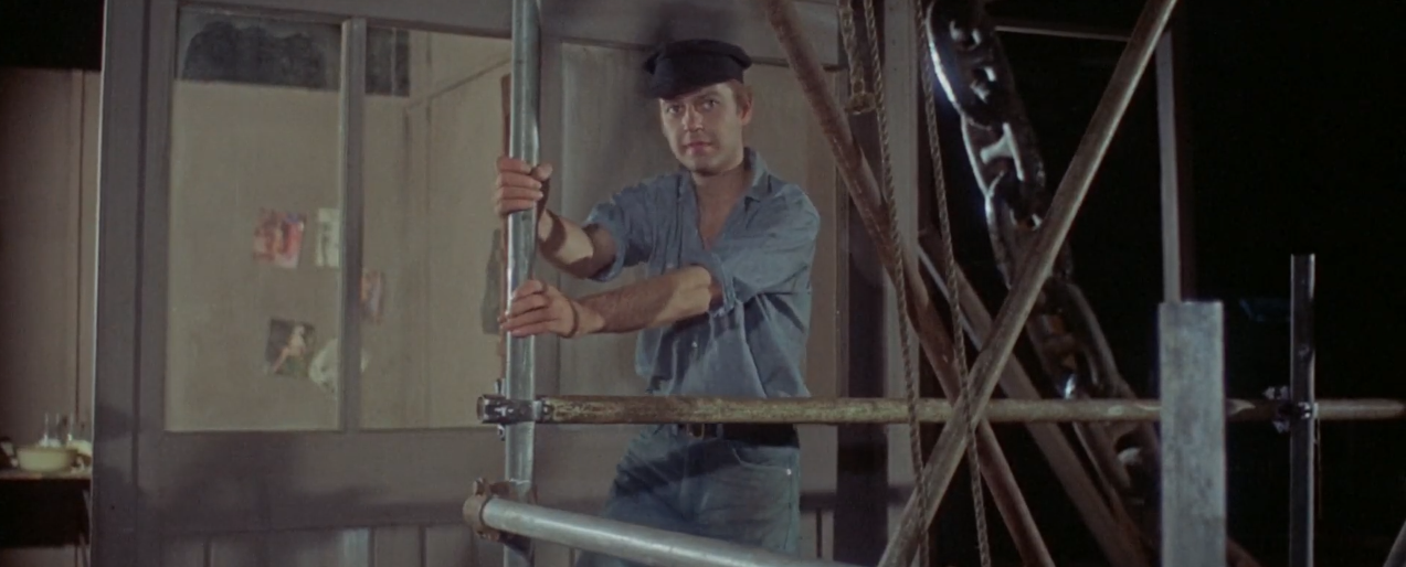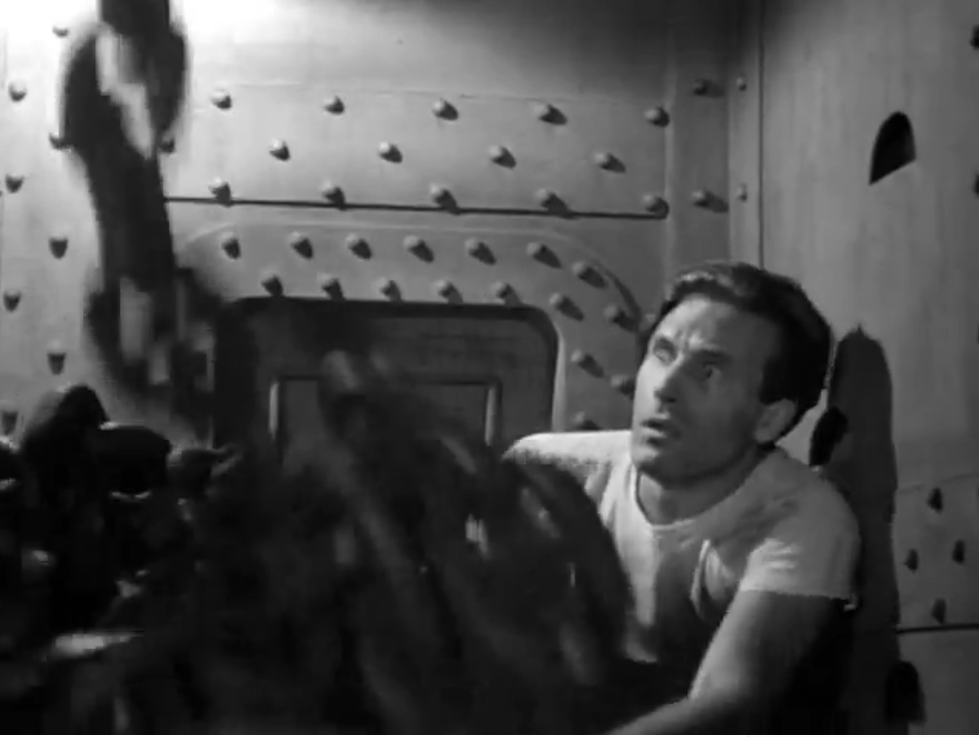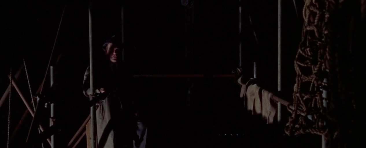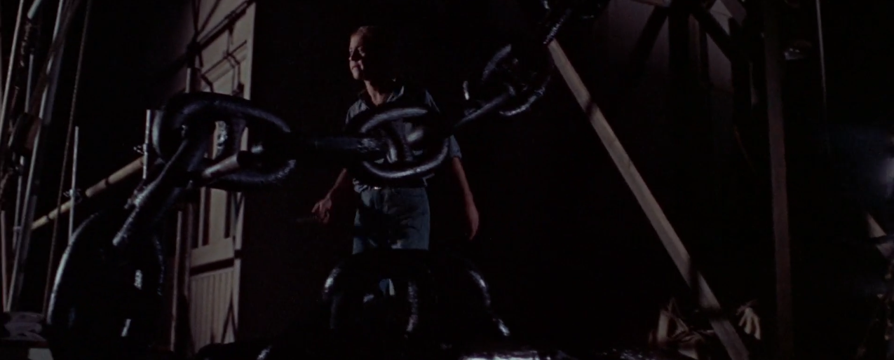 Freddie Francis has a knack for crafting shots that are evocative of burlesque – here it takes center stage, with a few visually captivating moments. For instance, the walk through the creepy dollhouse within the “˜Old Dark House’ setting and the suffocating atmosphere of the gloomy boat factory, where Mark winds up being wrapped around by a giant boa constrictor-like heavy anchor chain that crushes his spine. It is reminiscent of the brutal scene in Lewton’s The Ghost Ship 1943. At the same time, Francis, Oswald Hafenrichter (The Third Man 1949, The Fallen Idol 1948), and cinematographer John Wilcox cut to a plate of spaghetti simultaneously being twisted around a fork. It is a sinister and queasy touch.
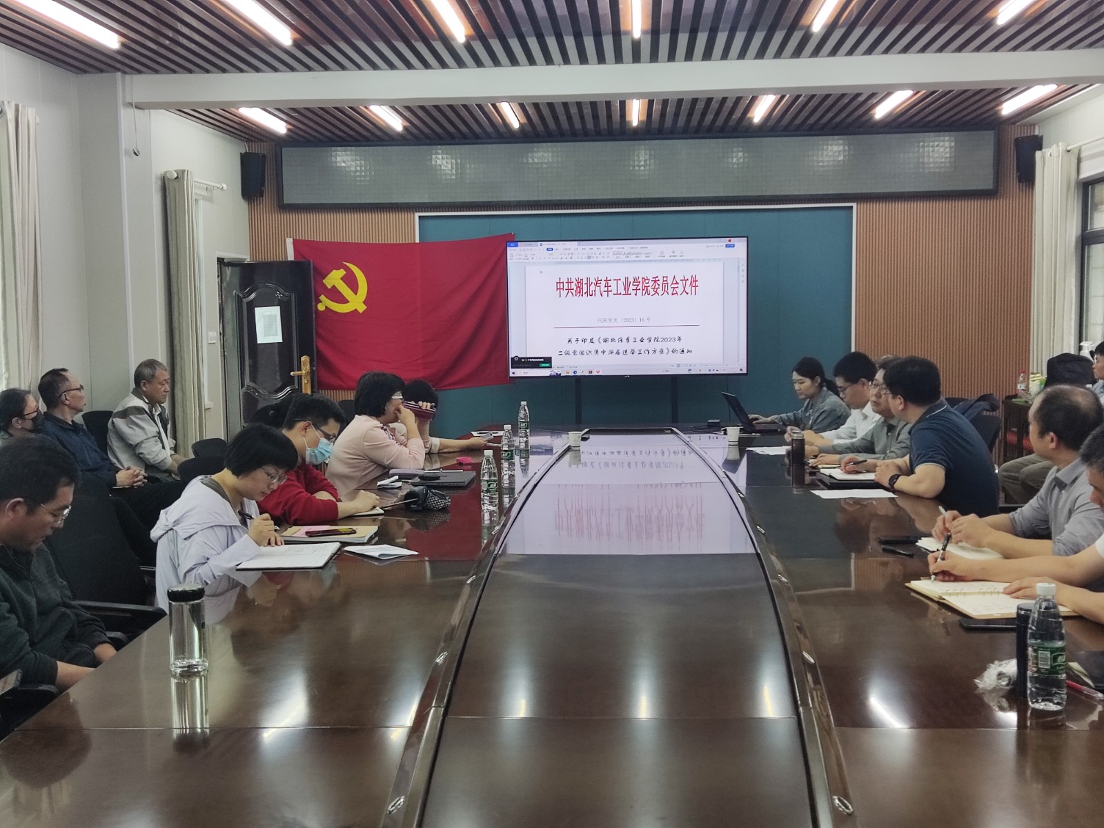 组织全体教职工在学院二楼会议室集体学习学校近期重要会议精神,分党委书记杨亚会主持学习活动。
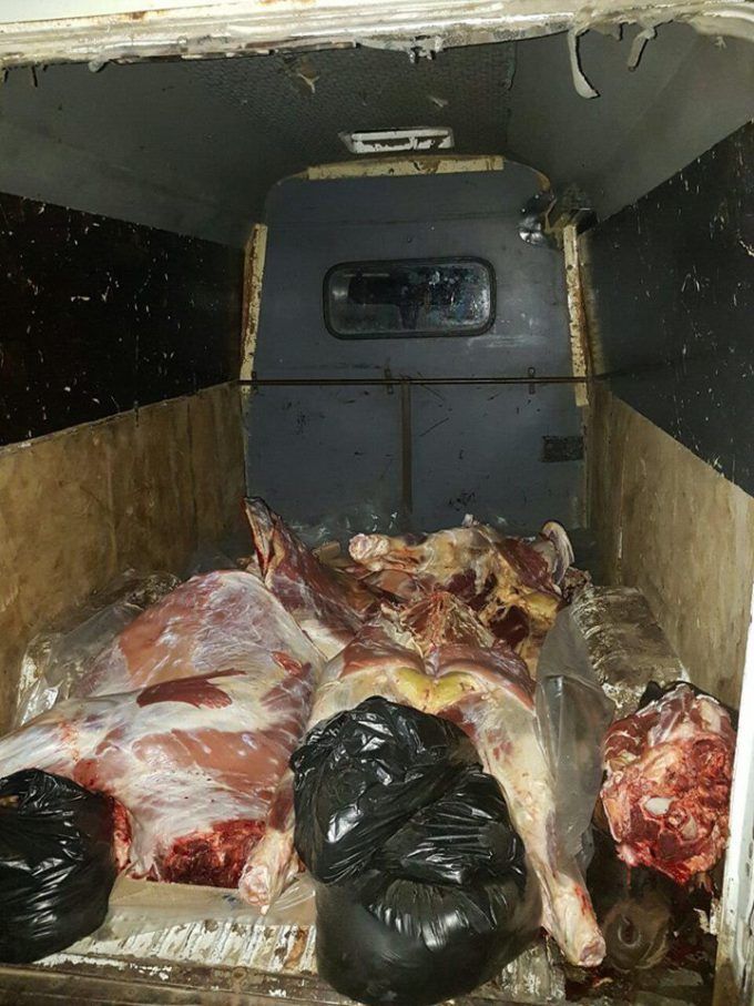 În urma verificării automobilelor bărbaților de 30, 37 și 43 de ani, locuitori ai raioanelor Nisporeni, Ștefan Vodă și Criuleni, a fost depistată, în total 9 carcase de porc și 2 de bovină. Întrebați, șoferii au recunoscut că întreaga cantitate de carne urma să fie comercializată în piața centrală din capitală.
■ ■ ■ ■ ■
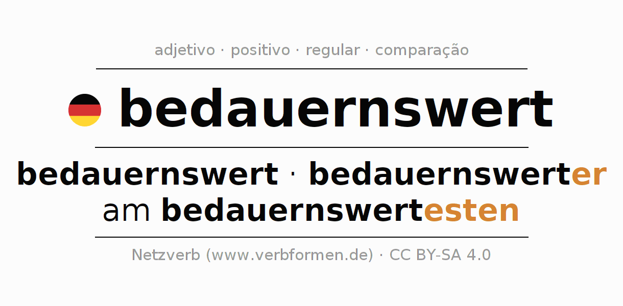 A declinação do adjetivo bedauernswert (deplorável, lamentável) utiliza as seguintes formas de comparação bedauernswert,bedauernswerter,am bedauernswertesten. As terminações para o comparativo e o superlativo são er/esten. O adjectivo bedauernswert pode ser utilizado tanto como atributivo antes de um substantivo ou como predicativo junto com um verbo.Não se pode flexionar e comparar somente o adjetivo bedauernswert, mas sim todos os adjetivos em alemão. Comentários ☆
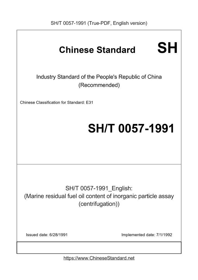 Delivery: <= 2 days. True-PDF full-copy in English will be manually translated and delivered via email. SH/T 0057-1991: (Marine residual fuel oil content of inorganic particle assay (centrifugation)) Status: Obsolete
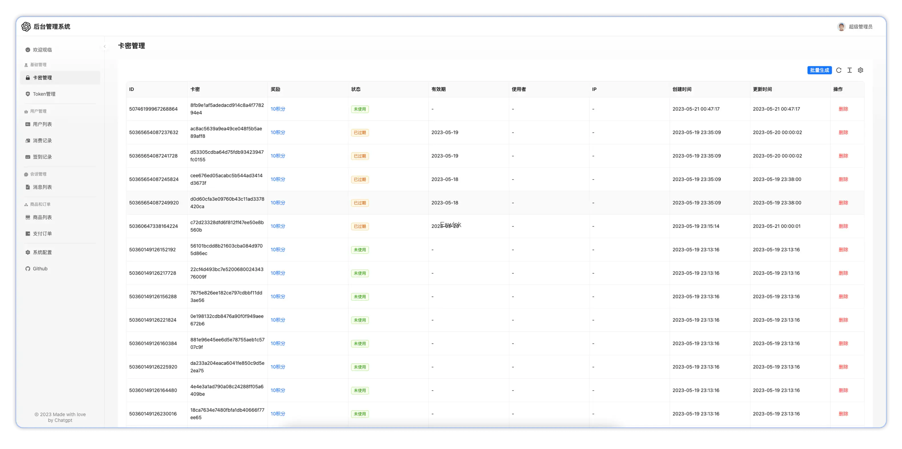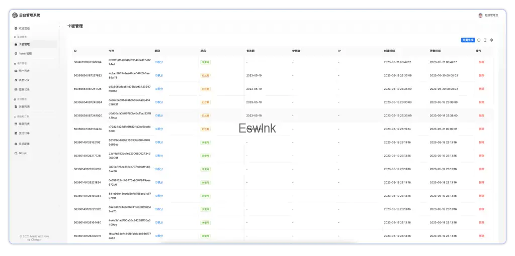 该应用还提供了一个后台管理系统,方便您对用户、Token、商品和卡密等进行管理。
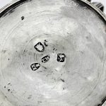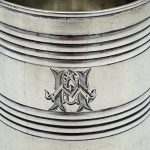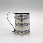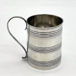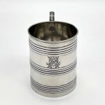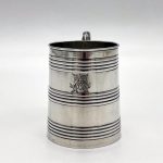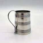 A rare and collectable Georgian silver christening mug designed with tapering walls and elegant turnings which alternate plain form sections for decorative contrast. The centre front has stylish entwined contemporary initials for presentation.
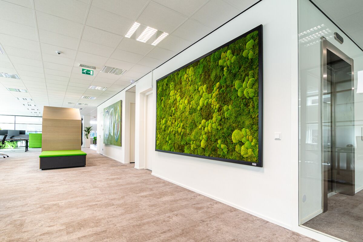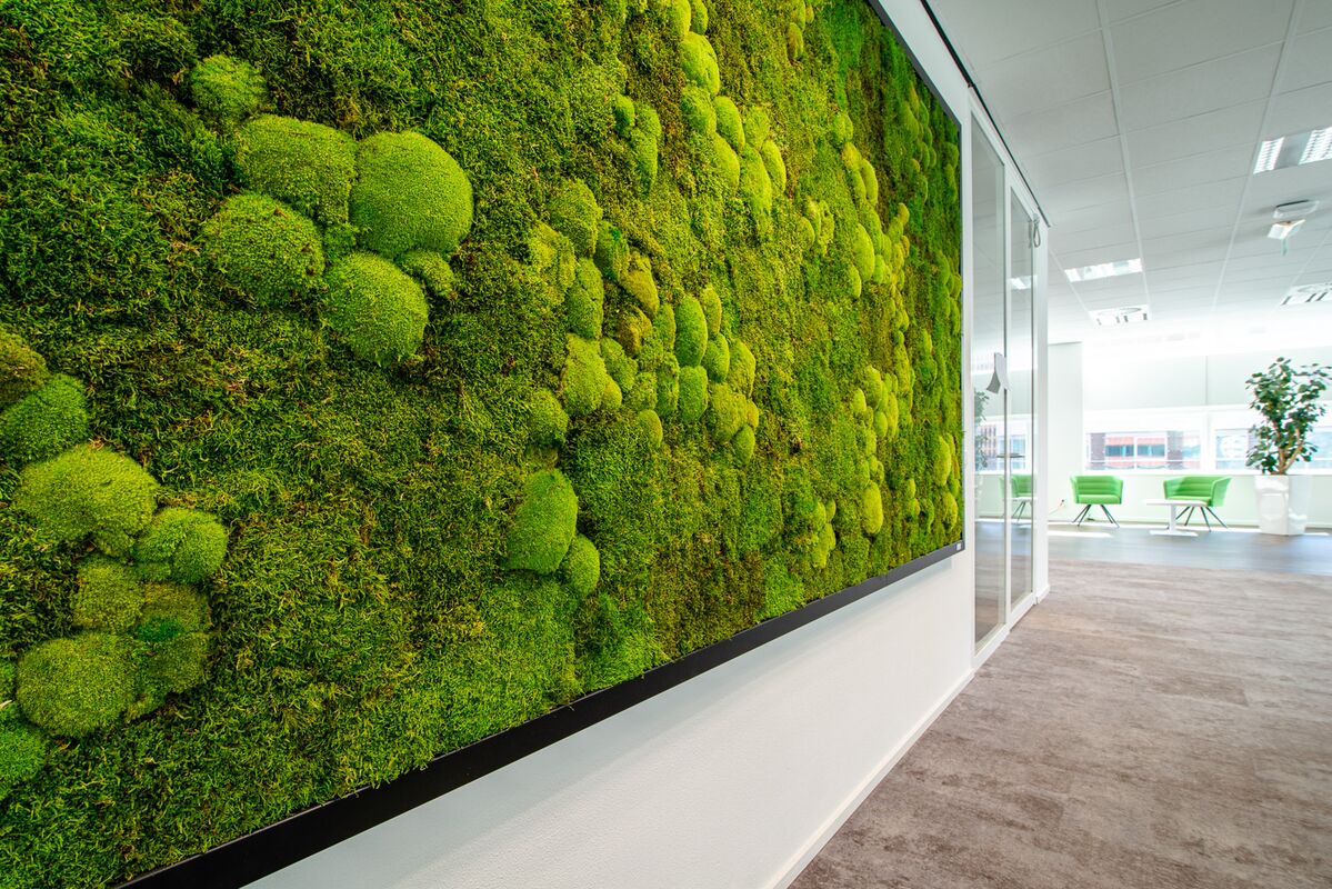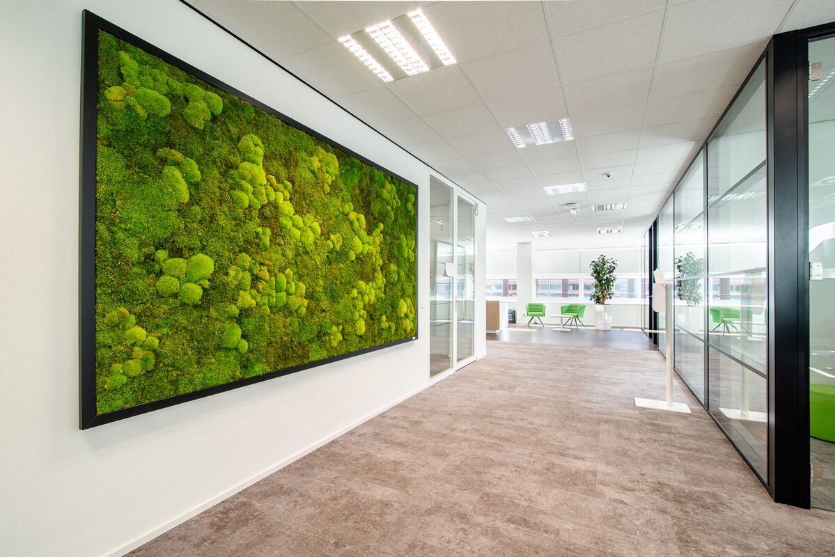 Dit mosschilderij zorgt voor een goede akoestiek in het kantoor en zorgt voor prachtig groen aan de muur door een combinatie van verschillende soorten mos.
■ ■ ■ ■ ■
**AIM OF THE EXERCISE:** Starting at the line that contains "Delivery: <= 2" and ending at the line that contains "Dit mosschilderij zorgt", transcribe the material above exactly, excluding pictures.

**WRITTEN SOLUTION:**
 Delivery: <= 2 days. True-PDF full-copy in English will be manually translated and delivered via email. SH/T 0057-1991: (Marine residual fuel oil content of inorganic particle assay (centrifugation)) Status: Obsolete
 该应用还提供了一个后台管理系统,方便您对用户、Token、商品和卡密等进行管理。
 A rare and collectable Georgian silver christening mug designed with tapering walls and elegant turnings which alternate plain form sections for decorative contrast. The centre front has stylish entwined contemporary initials for presentation.
 Dit mosschilderij zorgt voor een goede akoestiek in het kantoor en zorgt voor prachtig groen aan de muur door een combinatie van verschillende soorten mos.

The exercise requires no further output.